With more feedback from DB on what individual escape sequences should be converted into, I was able to add a lot more replace sequences to the set that I've developed for his Waterloo Script files. In the process, I noticed a need for a "Clone Transformation Item" feature, because many of the new replacement items were minor variations on old ones, with one character changed. I've now added that feature (including adding a new icon for it -- twin wands -- in the icon library dll). It seems to be working fine.
I've run the extended conversion sequence on DB's files, zipped up the results, and posted them again for him to download.
Ended up just tidying up what I'd done so far (centring images etc.); no time to get any further with it. Back next week.
The tutorial is quite densely-populated with screenshots, all of which have to be redone, so it's quite time-consuming to update it. So far, I've done the first five topics. I'll also have to add another one or two topics to cover the new scripting functionality. Should be done by tomorrow, I hope, in time to do a beta release before the weekend.
Batch operations in Transformer can be very long lists, and sometimes you just want to run a subset of the list, to test things out on a few files, or to re-convert a few files which failed previously, because of something that didn't affect the bulk of them. I've now added an option so that you can select one or more files in the list box of the batch screen, then right-click and choose to transform only those files.
The Help file is now complete for Transformer 2.0, and seems to be working fine. It might need a little more indexing, and perhaps some additional help for the scripting component, but the tutorial might take care of that.
With help from the oXygen forum staff, I reinstalled oXygen 9.2 in a new folder, and removed the old folder; problem solved. It must have been caused by a file not deleted during the pre-install uninstallation of the old version.
Spent most of the afternoon documenting new features in Transformer, with screenshots, and tweaking the app where I came across something less than ideal. At the end, I wanted to do a test build of the help file, but ran into an indecipherable error with Saxon 9B running in oXygen 9.2:
Saxon 9B null
When trying to validate the XSLT stylesheet, I got this equally unhelpful feedback:
SystemID: C:\Documents and Settings\mholmes\My Documents\Borland Studio Projects\my_projects\mdhHelp\mdh_docbook_to_html.xsl Description: net.sf.saxon.style.XSLVariable.getReferenceList()Ljava/util/List;
I don't know from this whether Saxon is broken, or whether it's been updated in oXygen 9.2 to a new version which stumbles over an error it was previously happy to let slide.

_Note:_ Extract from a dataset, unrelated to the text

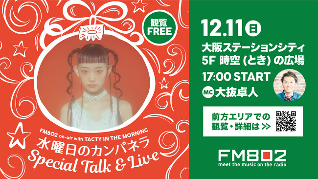 12/11(日)大阪ステーションシティ・5F時空(とき)の広場で水曜日のカンパネラを招いて公開収録を開催します。この公開収録に50組100名様ご招待いたします。3年ぶりのイルミネーション「Twilight Fantasy」で彩られた大阪ステーションシティ・5F 時空(とき)の広場にてon-air with TACTY IN THE MORNINGが贈るスペシャルTALK&LIVEにぜひお越しください。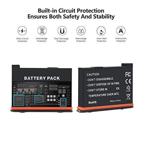 【Grande capacità, resistenza ultra lunga】Due batterie ricaricabili agli ioni di litio ad alta capacità da 1800mAh raddoppiano il tempo di funzionamento della fotocamera, prolungando il tempo di ripresa e fornendo divertimento infinito.

But this stylesheet was working under 9.1, because I used it to build the IMT Help file, and that no longer builds either. Posted a message on the oXygen forums; we'll see if anyone else has seen it. Failing that, I'll try reinstalling oXygen, and perhaps also running the transformation on other machines.

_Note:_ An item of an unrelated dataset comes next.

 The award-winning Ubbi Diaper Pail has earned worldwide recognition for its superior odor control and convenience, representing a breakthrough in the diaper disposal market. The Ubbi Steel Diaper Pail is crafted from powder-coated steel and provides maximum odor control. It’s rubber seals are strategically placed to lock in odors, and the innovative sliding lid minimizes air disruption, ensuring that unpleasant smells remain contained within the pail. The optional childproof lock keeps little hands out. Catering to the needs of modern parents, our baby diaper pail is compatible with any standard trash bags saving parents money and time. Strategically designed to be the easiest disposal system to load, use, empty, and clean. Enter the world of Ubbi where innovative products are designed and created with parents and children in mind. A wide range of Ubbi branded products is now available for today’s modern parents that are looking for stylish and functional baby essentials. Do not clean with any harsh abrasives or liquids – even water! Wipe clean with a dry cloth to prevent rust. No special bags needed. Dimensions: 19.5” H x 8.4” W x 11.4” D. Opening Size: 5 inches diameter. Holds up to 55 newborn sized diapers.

Several new code libraries had been added to Transformer since the last release, and they were lacking header information, licensing info, descriptions for the Website, etc. The Website source code and requirements page, as well as the installer are now up to date for version 2, but the rest of the site will have to be updated before I can do a release. I need to do this (a beta, perhaps) within the next three weeks.

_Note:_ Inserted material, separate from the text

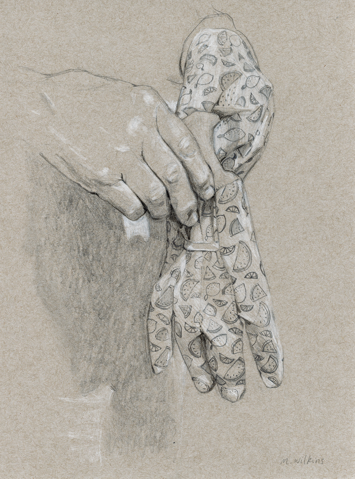 Black and white pencil drawings on grey paper. These are currently available to buy as part of the Newlyn School of Art Fundraiser.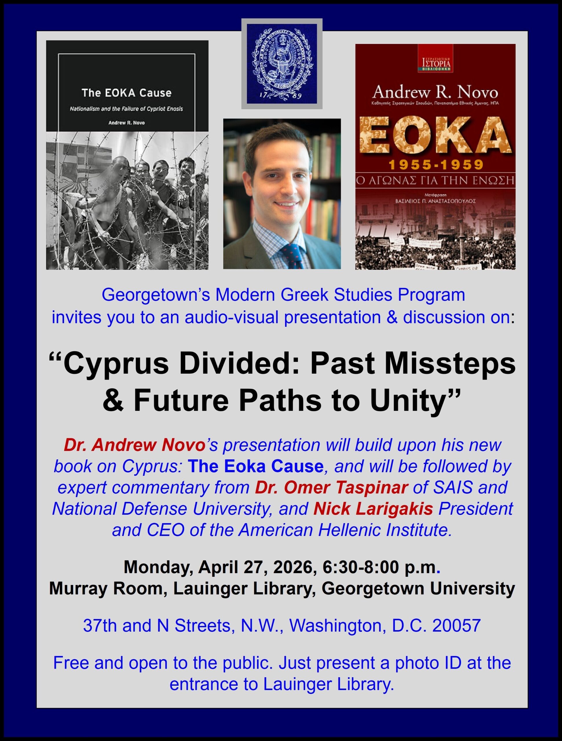 Georgetown’s Modern Greek Studies Program hosts an audiovisual presentation and discussion titled “Cyprus Divided: Past Missteps & Future Paths to Unity” with Dr. Andrew Novo who will offer an in-depth look at his new book on “Cyprus: The EOKA Cause: Nationalism and the Failure of Cypriot Enosis”.

Working on DB's files, which are numerous and for which the processing is complicated, I found I really wanted to be able to cancel a batch operation, so I've repurposed the Progress form I wrote for Markin 4 to show how the batch is going, and enable the user to press a Cancel button and stop the process. This is a great improvement for large batches. The cancel flag is checked at the end of each replace or script operation, so as long as those operations are completing in good order, it's pretty snappy.
The problem of how to monitor and abort a frozen or looping script operation while it's happening still remains, though. I've been doing a lot more thinking and reading about this, and it seems likely that only something fairly aggressive such as TerminateProcess could do it. The script code would all have to run as a separate thread, and there would have to be a monitor thread with a timer, which was initiated when the process began, and which gave the user the option to kill a script process after a timeout had been reached without the thread terminating. That code could also check for the Cancelled flag, and kill a process when that was True but the process had been running for a (perhaps shorter) timeout. It'll take some work to get this implemented and tested. I'm still not sure there's a clean way to kill a process running in a C++ dll from Delphi without orphaning some resources.
There are now bridging Delphi / JS variables called JSInputFileName
and JSInputFilePath
, which are populated with the appropriate values during transformation operations.
In ColDesp, we're making a point of using the original .scx
filename as the @xml:id
attribute of the XML file created from it. This is easier if the original input filename and path are exposed to the transformation system, so I've added hooks which expose that information through two variables tied to placeholders. If you include ___inputFilePath___
or ___inputFileName___
in your replacement text, the path or name of the file currently being processed will be substituted. I'll add similar hooks into the JavaScript through bound JS variables. This will all need to be documented before the next release.
Since the beginning of the project, using the Preferences dialog box to control application font settings, there's been a bug in the repainting of TTntListView column headers, which afflicts the main window of the app. This might just be a bug in some graphics drivers, though; it doesn't show up on some other machines. What happens is that when a font is larger than the default, the original lower border of the column headers is left painted, obscuring part of the text. This works around it:
if LV.ShowColumnHeaders then begin LV.ShowColumnHeaders := False; LV.Invalidate; Application.ProcessMessages; LV.ShowColumnHeaders := True; LV.Invalidate; Application.ProcessMessages; end;
I've been trying to find a fix for this for a couple of years.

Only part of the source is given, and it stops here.